Oprah Winfrey’s Book Club for Men
When the news broke that Oprah Winfrey’s book club was following up Jonathan Franzen’s Freedom with a double shot of Dickens (Great Expectations and A Tale of Two Cities), it got me to reflecting once again: Does it matter that Oprah’s Book Club hasn’t read a novel by a woman writer since Pearl Buck’s The Good Earth, and that they haven’t read a contemporary novel by a woman since Ann-Marie McDonald’s Fall on Your Knees? I got a lot of feedback when I raised this issue on Twitter; a few people took the “it’s her club and she can pick what she wants” tack, and others rightly pointed out that it’s not as if Winfrey hadn’t had any women writers on the show, but most were disappointed at the imbalance. As Washington Post book critic Ron Charles pointed out, it’s hard to imagine putting together a lineup of the most significant contemporary fiction writers that isn’t predominantly female.
So I had another look yesterday afternoon at a book I’d read earlier this year, Bring on the Books for Everybody: How Literary Culture Became Popular Culture, to focus my thoughts on the Book Club issue. (Full disclosure: Jim Collins was my college mentor.) I’m particularly interested in the way, as Collins puts it, “Oprah functions as an authority on reading for an imagined community of self-cultivators that numbers in the hundreds of thousands and who come to her expertise within the heart of consumer culture.” With so many books to choose from, how does a reader who aspires to be “literary,” or at least “well-read,” decide where to start? That’s where Winfrey comes in—and the particular genius of the Book Club’s 21st-century incarnation is that it combines the original (pre-Corrections) emphasis on the emotionally sublime power of “great books” with an emphasis on the symbolic credibility of “Great Books.”
And that leads directly to why I feel the absence of women writers in the Book Club matters.

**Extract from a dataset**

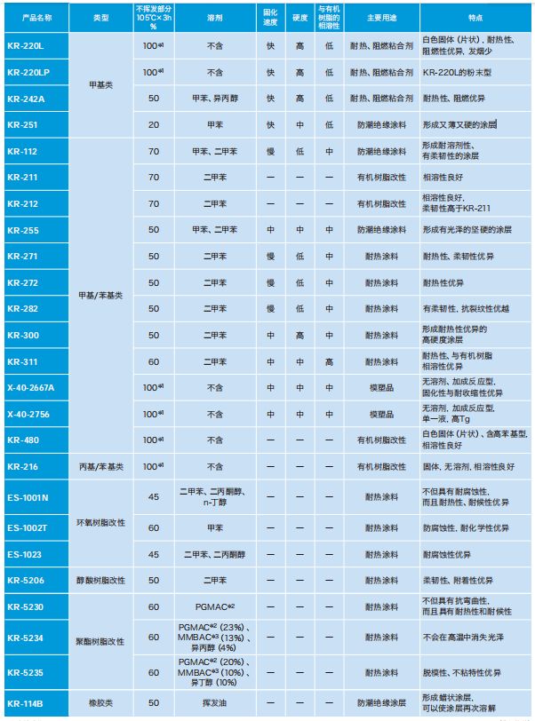 甲基/苯基有机硅树脂:是有机取代基由甲基和苯基构成的有机硅树脂。可形成耐热性优异,具有机械性强度和光泽的涂层。

By juxtaposing contemporary novelists like Cormac McCarthy, David Wroblewski, and Jonathan Franzen with canonical authors like Faulkner, Tolstoy, and Dickens, I would suggest the Oprah Book Club is putting forth an argument about a literary continuum—saying, in essence, these people writing today are as vital to the tradition of the novel as those acknowledged masters. And, for the last six years, not one woman writer has been deemed worthy of placement within that continuum. Here are some women whose novels have not been selected for the Book Club:
- Lionel Shriver
- Carol Shields
- Tana French
- Kate Atkinson
- Hilary Mantel
- Jennifer Egan
- Lauren Grodstein
- Kathleen Kent
People have knocked the pre-Corrections Book Club roster for being full of “women’s books,” but if you look at the actual selections, men showed up regularly: Wally Lamb, Ernest J. Gaines, Chris Bohjalian, Andre Dubus III, among others. That balance has been sorely lacking in the modern Book Club, which in and of itself may or may not be significant, but in the larger context of a critical hostility towards popular women novelists, perhaps it’s a bit more unsettling. I’m not knocking any of the books Oprah Winfrey has delivered unto her audience since The Good Earth; individually, each has its merits. (OK, I haven’t read the Eckhart Tolle or the Sidney Poitier, so I make no promises there.) It’s what Oprah is saying about literature when she strings all those books together that worries me—especially since what she was saying about literature in the 1990s, right up until the point that Jonathan Franzen got anxious about The Corrections being added to that lineup, was arguably much more dynamic and interesting.